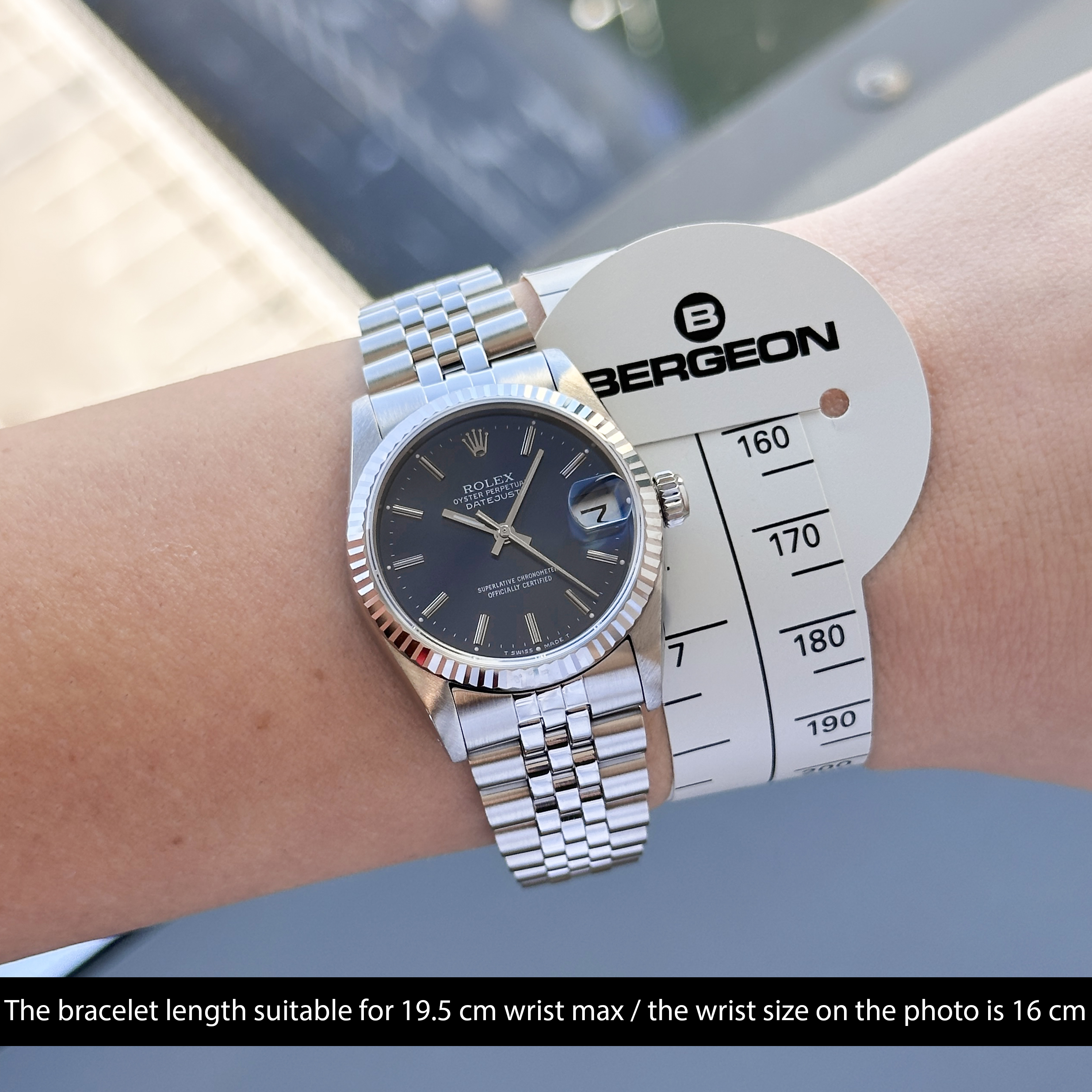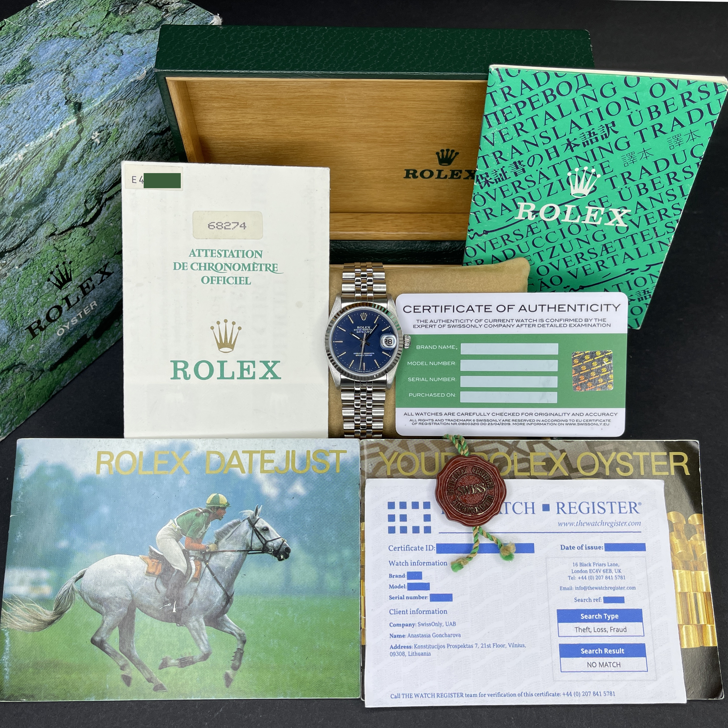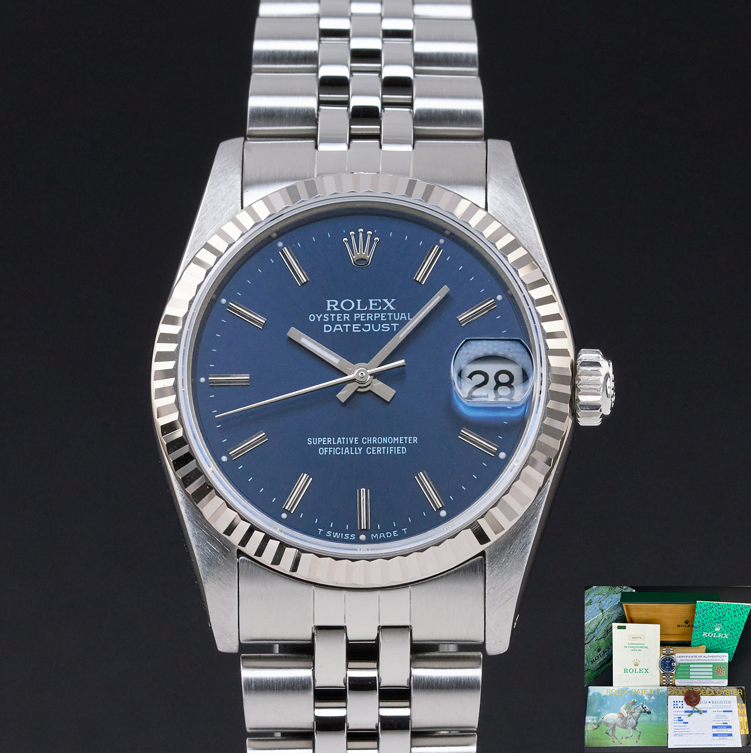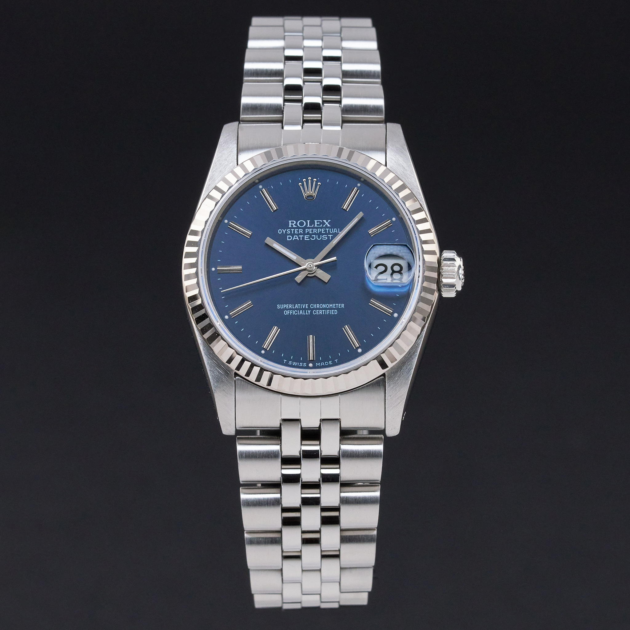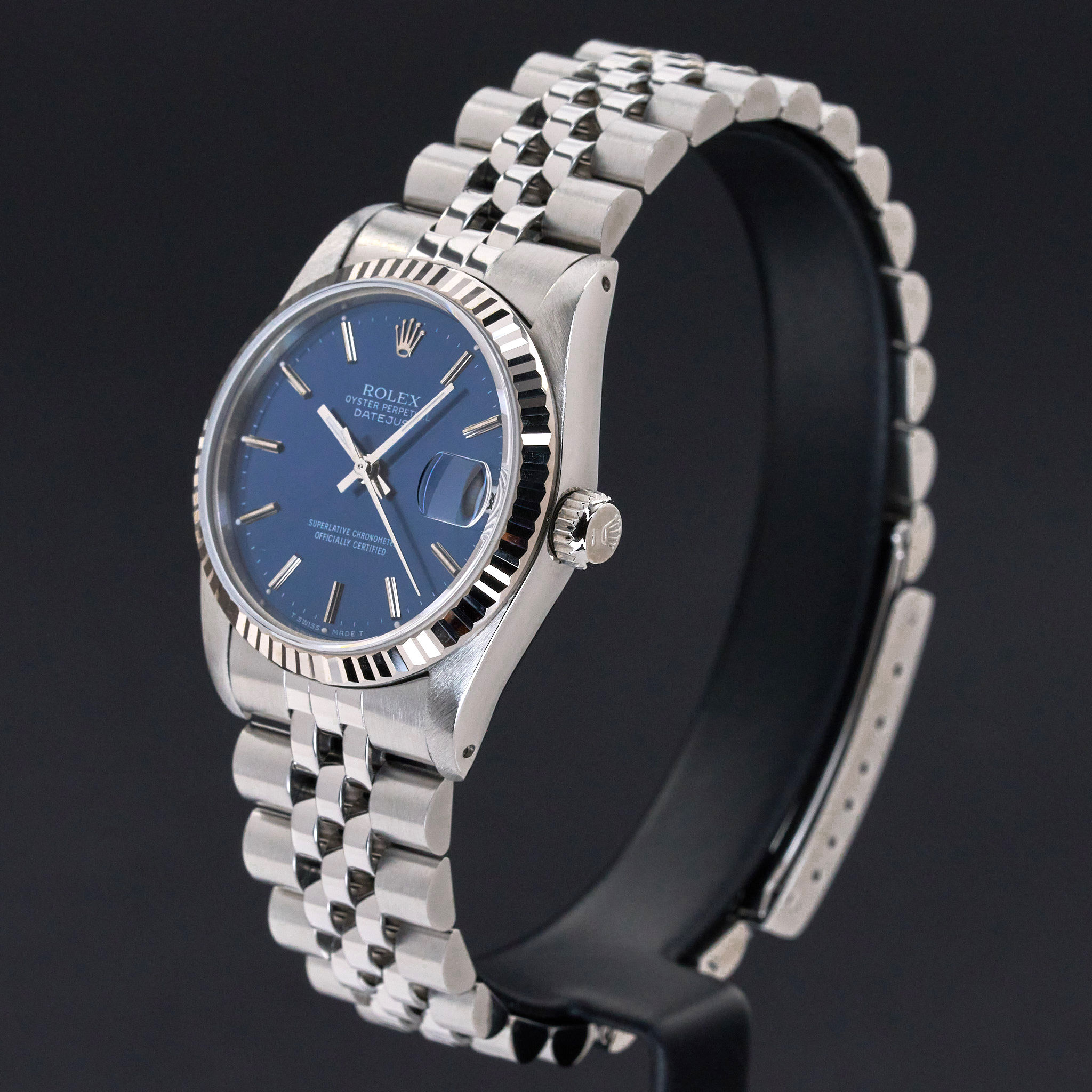 This Rolex Datejust 68274 features a Blue dial and is crafted from from stainless steel, with a production year of 1990.
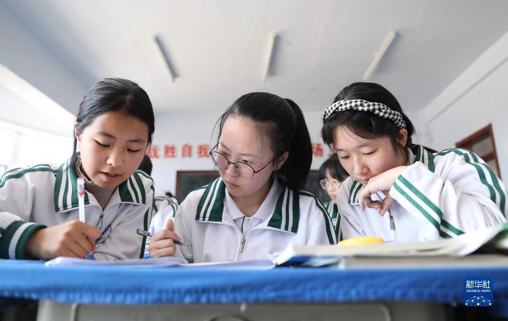 女兒李昕偉(中)課間和同學(xué)們交流習題,由于聽不太清,她需要目不轉(zhuǎn)睛地盯著同學(xué)的筆(5月8日攝)。
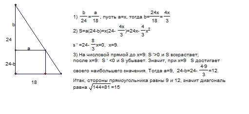 Найдите диагональ прямоугольника наибольшей площади, вписанного в прямоугольный треугольник с катетами 18 и 24, и имеющий с ним общий прямой угол.
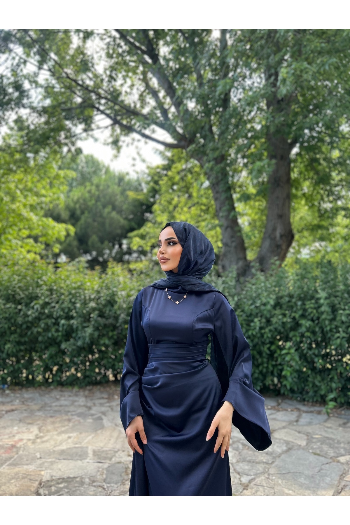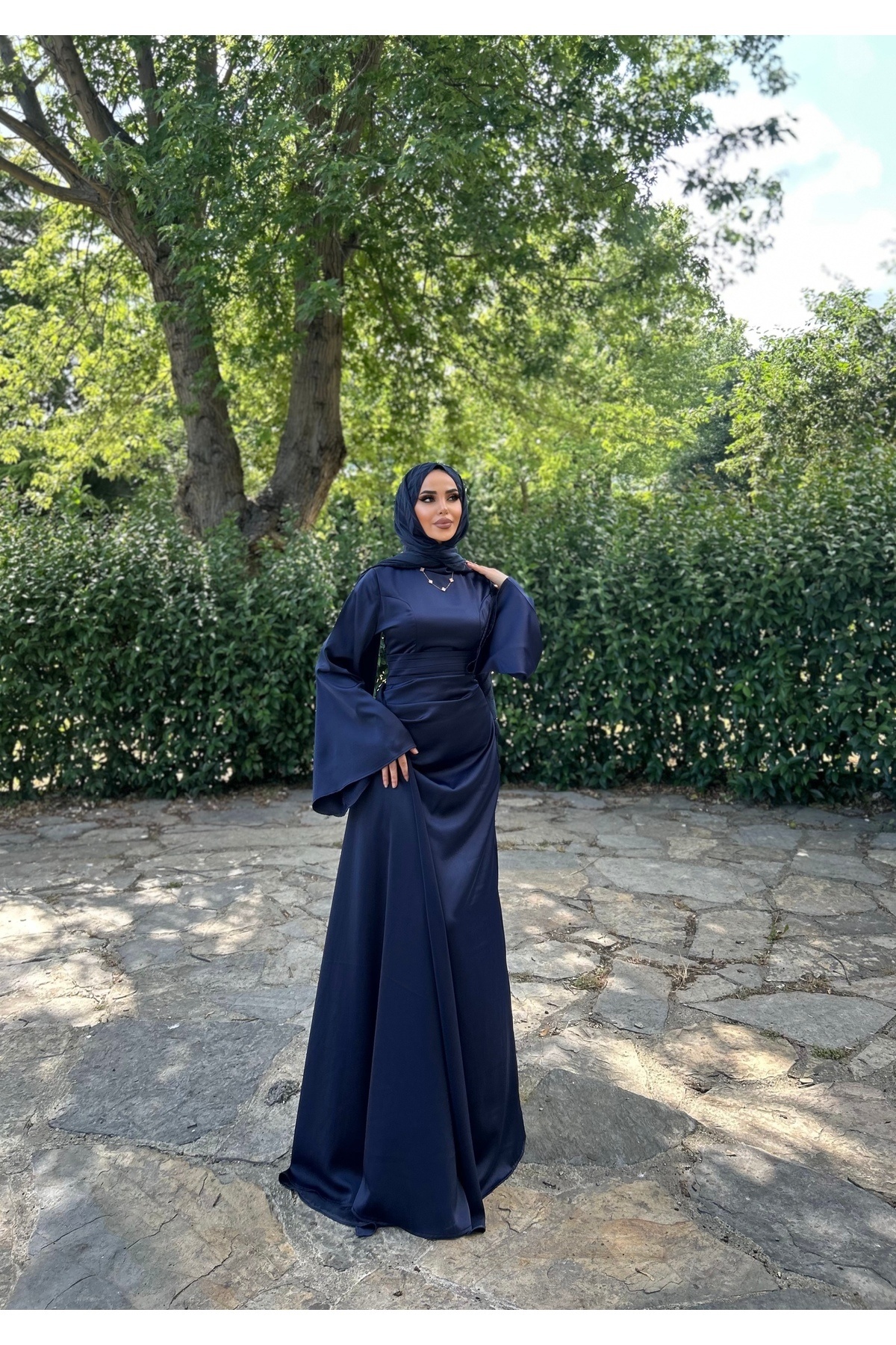 Zeyna İspanyol Kol Kuyruklu Saten Tesettür Abiye
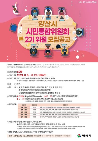 (아름다운교육신문) 양산시는 시민통합위원회 1기위원 임기 만료가 도래함에 따라 2기 위원 60명을 8월 5일부터 8월 22일까지 18일간 공개 모집한다고 밝혔다.
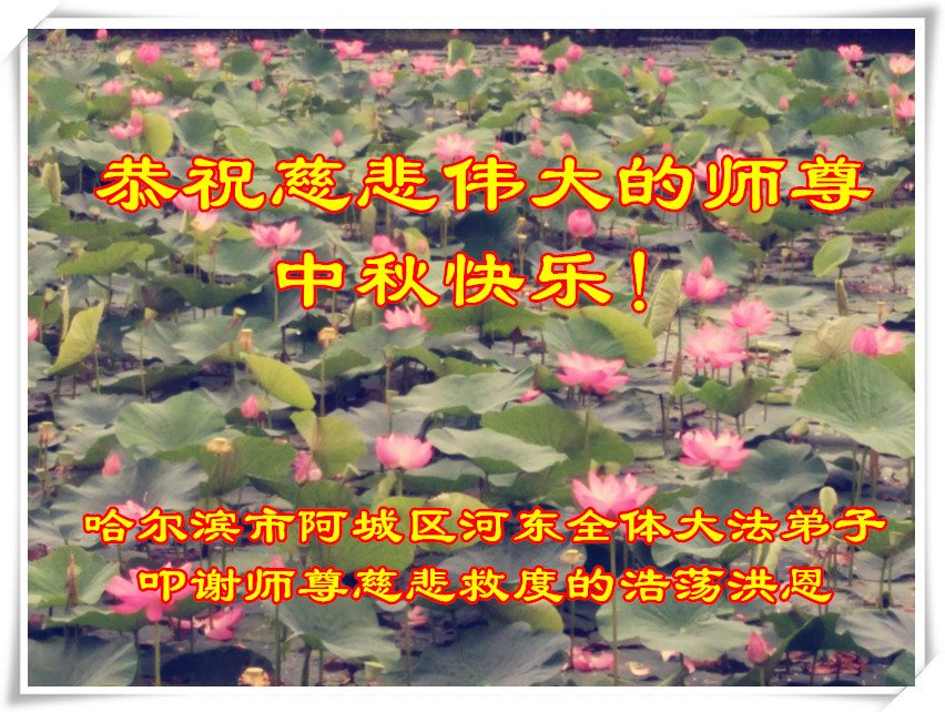 师父您辛苦了!哈尔滨市阿城区河东全体大法弟子叩谢师尊慈悲救度的浩荡洪恩! 黑龙江省哈尔滨大法弟子恭祝师父中秋快乐!

=====

*Exercise*. Without copying any picture, write out all of the material exactly as it reads.

*Response for this exercise*.
 This Rolex Datejust 68274 features a Blue dial and is crafted from from stainless steel, with a production year of 1990.
 女兒李昕偉(中)課間和同學(xué)們交流習題,由于聽不太清,她需要目不轉(zhuǎn)睛地盯著同學(xué)的筆(5月8日攝)。
 Найдите диагональ прямоугольника наибольшей площади, вписанного в прямоугольный треугольник с катетами 18 и 24, и имеющий с ним общий прямой угол.
 Zeyna İspanyol Kol Kuyruklu Saten Tesettür Abiye
 (아름다운교육신문) 양산시는 시민통합위원회 1기위원 임기 만료가 도래함에 따라 2기 위원 60명을 8월 5일부터 8월 22일까지 18일간 공개 모집한다고 밝혔다.
 师父您辛苦了!哈尔滨市阿城区河东全体大法弟子叩谢师尊慈悲救度的浩荡洪恩! 黑龙江省哈尔滨大法弟子恭祝师父中秋快乐!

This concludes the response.